Pagey, what size frame did you end up with? I've got the 17.5 and mine weighed in at 2,064g.


----------



## pagey (Sep 26, 2006)

hidperf said:


> Pagey, what size frame did you end up with? I've got the 17.5 and mine weighed in at 2,064g.


Mine is a 17.5 as well. the final build weight is 23lb


----------



## GSJ1973 (May 8, 2011)

pagey said:


> I've got this frame and it came in at 1950g


(without shock too!)


----------



## mpower13 (May 9, 2013)

2013 S-Works Epic Sram XX1 complete factory bike weighs at about 9.5 kgs for a size s.

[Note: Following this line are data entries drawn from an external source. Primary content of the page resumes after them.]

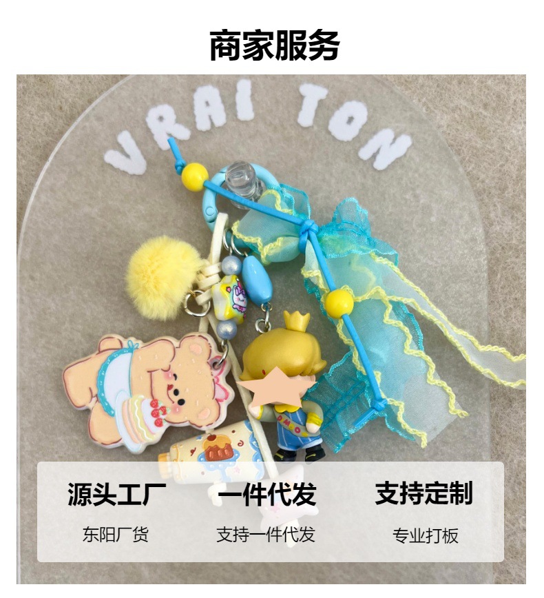 原创手工diy手机链挂绳潮玩公仔盲盒dim改娃萌粒oo串珠钥匙链包挂 投诉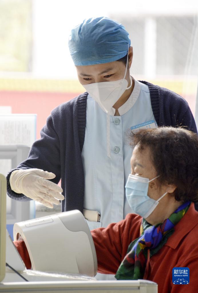 北京市豐臺區方莊社區衛生服務中心的醫護人員在協助一名老人測量血壓(10月26日攝)。
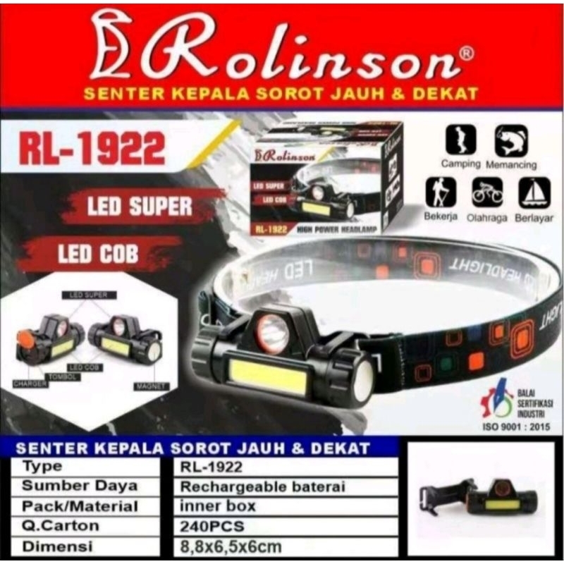 SENTER KEPALA ROLINSON RL1922 Senter Kepala RL-1922 Led Cob Rechargeable / Headlamp Sorot Senter Kepala Led Cree dan Lampu COB. Super Terang. Sistem Cas. Lampu COB Bisa dijadikan lampu penerangan / Emergency. Terdapat Magnit pada Body Senter. dilengkapi Kabel Colok Micro USB. Tali Strap yang Berkualitas. Tombol ON/OFF disamping dan di Buka Penutupnya untuk pengecasan. Cocok untuk Bersepeda, Memancing, Camping, Hiking, Berlayar. dll
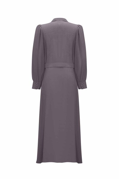 T25Y-4044 Kemerli Cupro Gömlek Yaka Elbise ANTHRACITE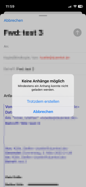Weiterleiten von Mails mit Anhängen in iPhone Mail ist nicht möglich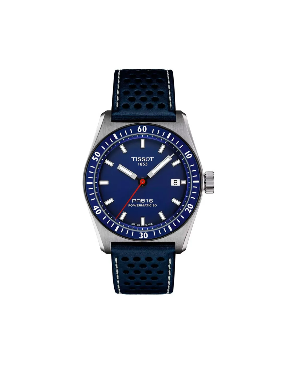 Reloj Tissot PR516 Powermatic 80 con caja de acero inoxidable de 38 mm de diámetro, cristal de zafiro resistente a los arañazos con tratamiento antirreflejos, esfera azul con agujas e índices luminiscentes combinado con correa de piel azul. El PR516 Powermatic es un clásico moderno que combina con la rica herencia de Tissot. Movimiento automático Swiss Made con 80 horas de reserva de marcha.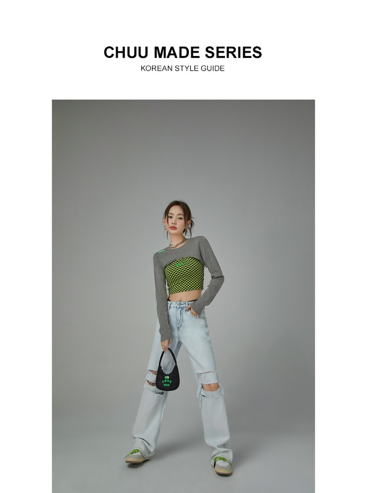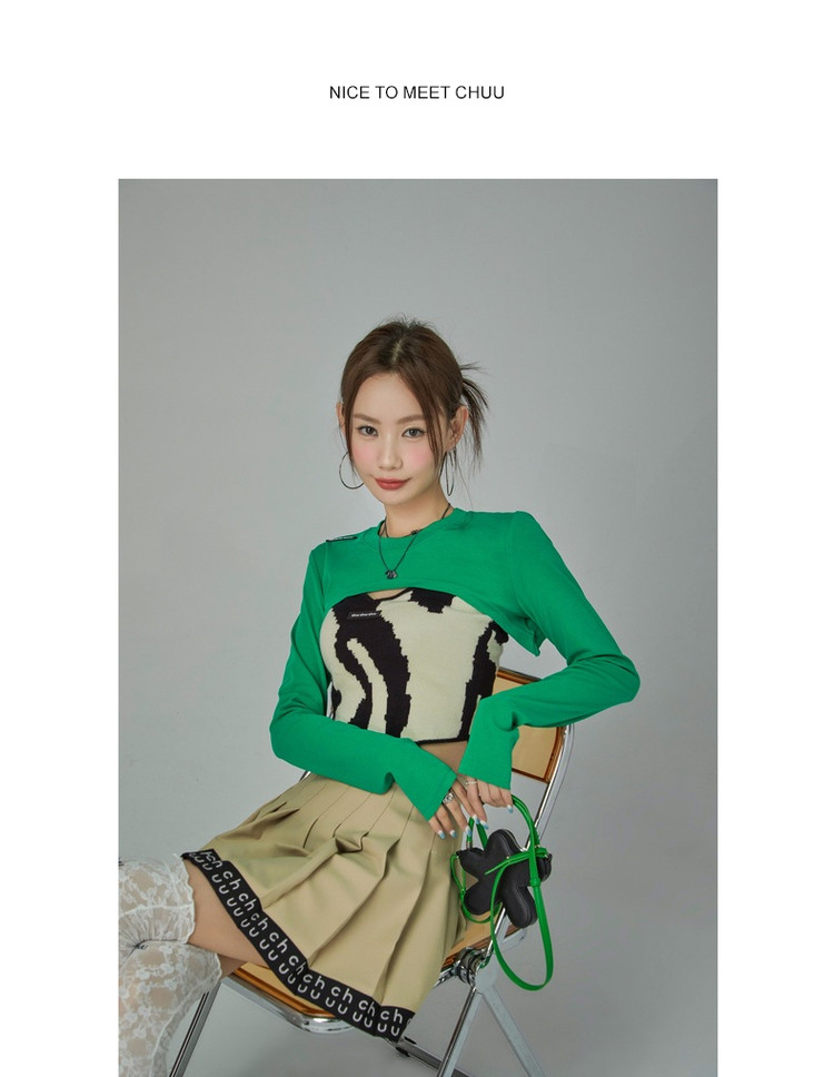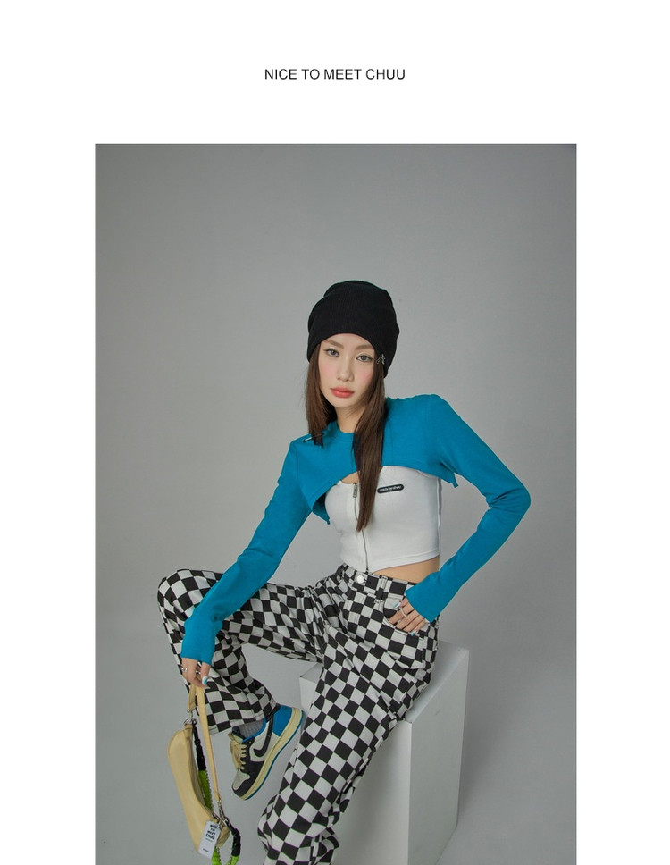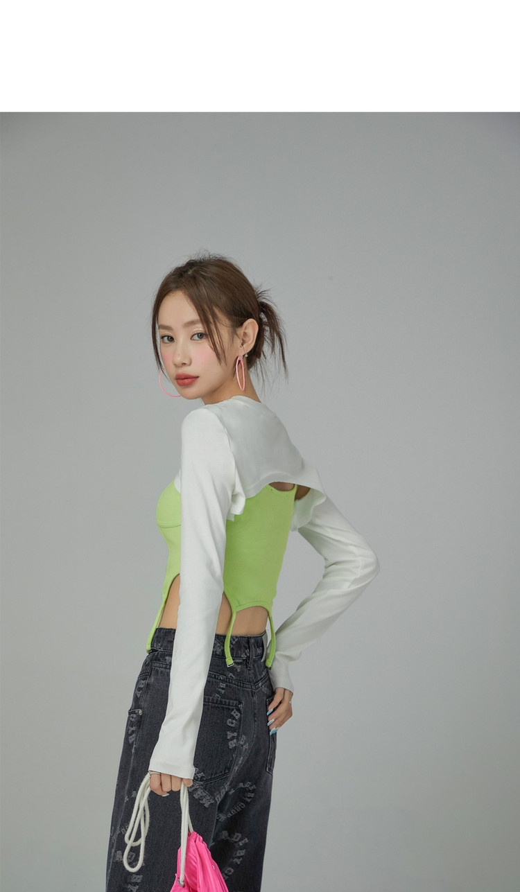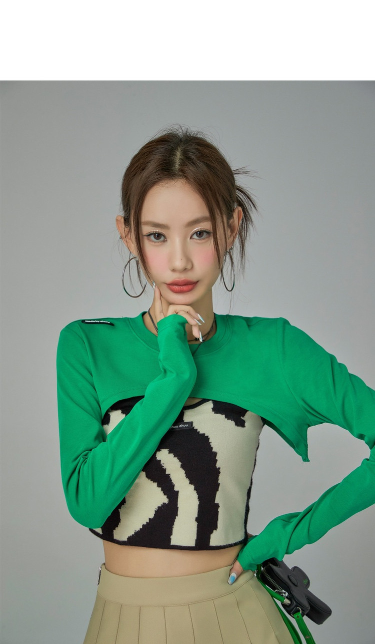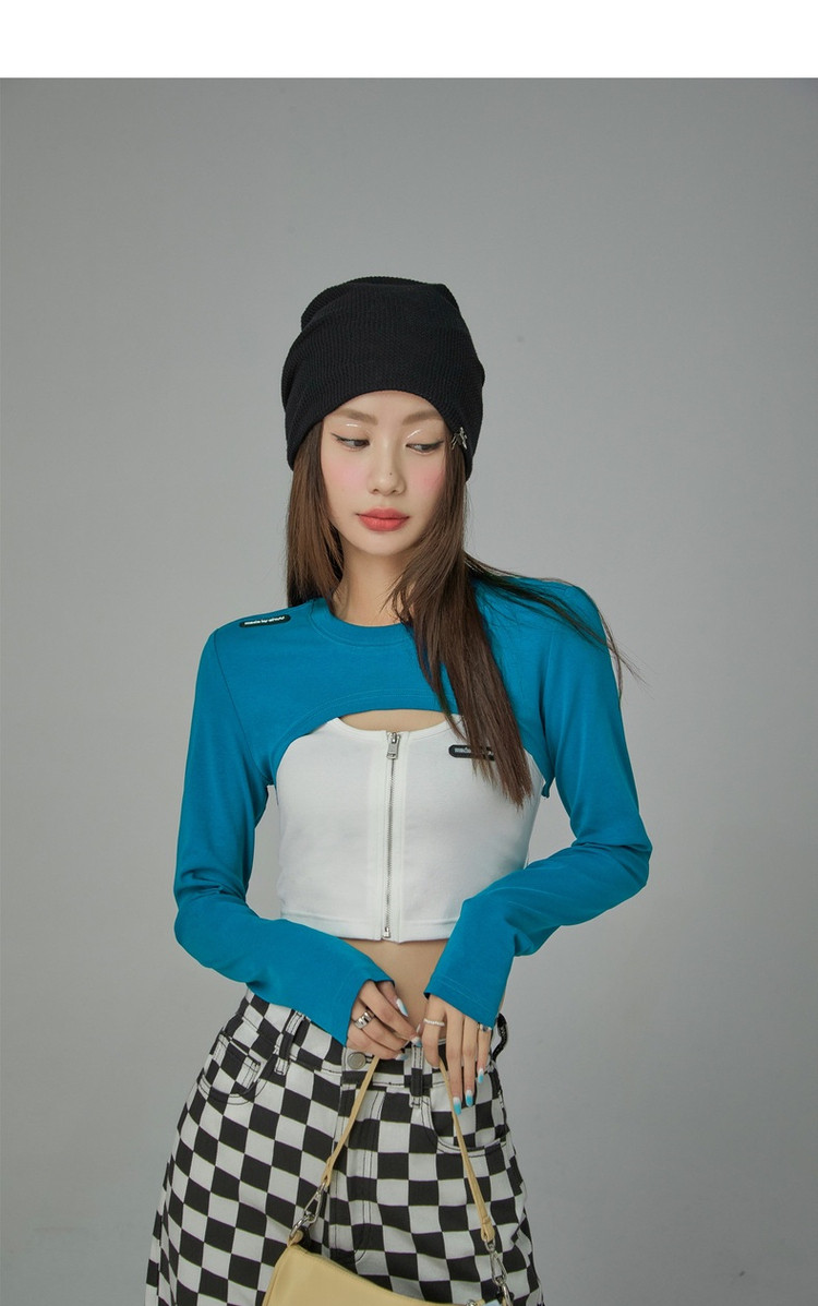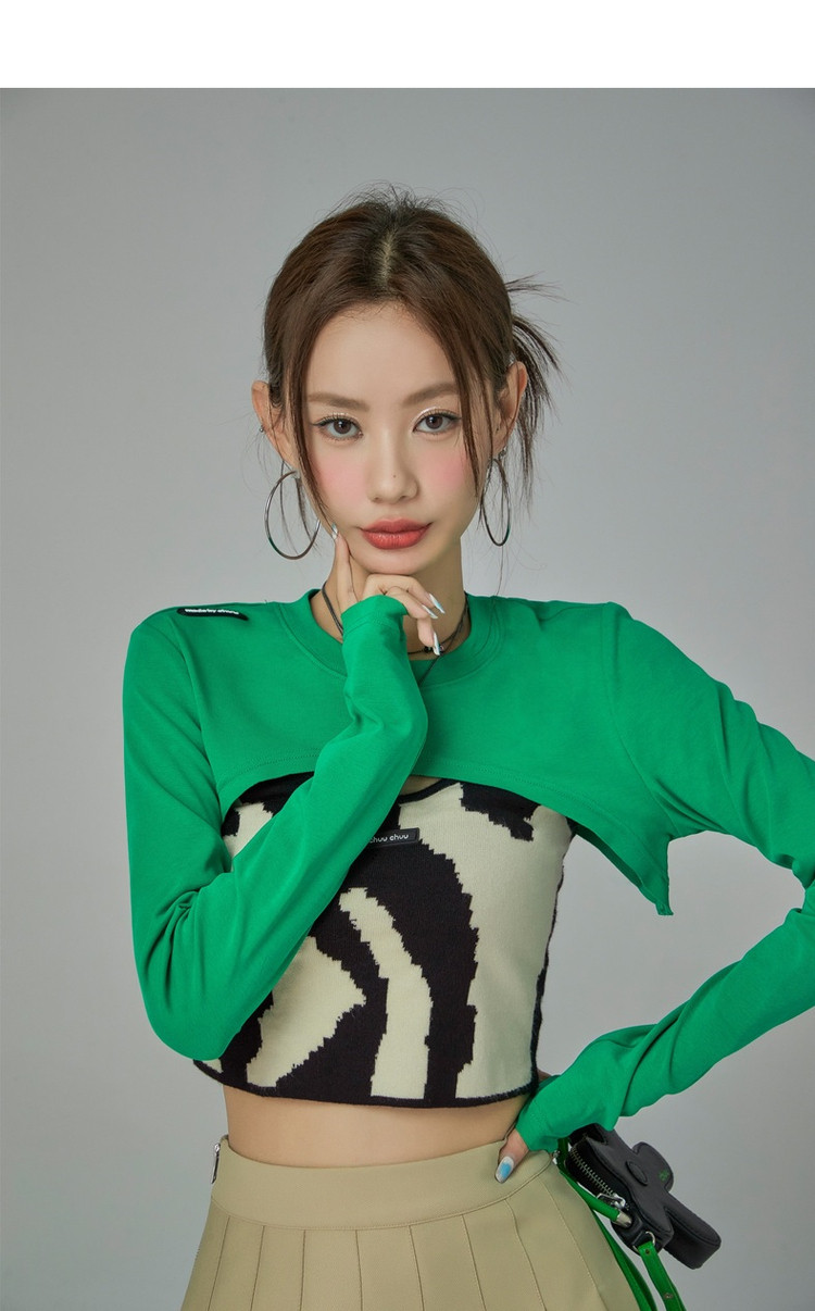个性设计纯色T恤女春秋甜辣短款外穿长袖上衣 126291

This is pretty light and can be easily brought down to less than 9 kgs with some easy tweaks like tubeless conversion and lightweight tires, and sub 100g saddle change. 2014 one is lighter even but pricey. One can easily get good prices for 2013 stocks as most dealers are clearing them now. The Epic is no doubt a world champion machine.


----------



## phlegm (Jul 13, 2006)

mpower13 said:


> 2013 S-Works Epic Sram XX1 complete factory bike weighs at about 9.5 kgs for a size s. This is pretty light and can be easily brought down to less than 9 kgs with some easy tweaks like tubeless conversion and lightweight tires, and sub 100g saddle change. 2014 one is lighter even but pricey. One can easily get good prices for 2013 stocks as most dealers are clearing them now. The Epic is no doubt a world champion machine.


I agree with you on the Sworks Epic, but you might be a bit aggressive with your weight estimates. After tweaks (moving to 1X10 and various lighter parts) my 2011 size L got down to 21.42 lbs / 9.72 kg. That includes pedals, ready-to-ride. Maybe newer frames have shed additional weight since 2011.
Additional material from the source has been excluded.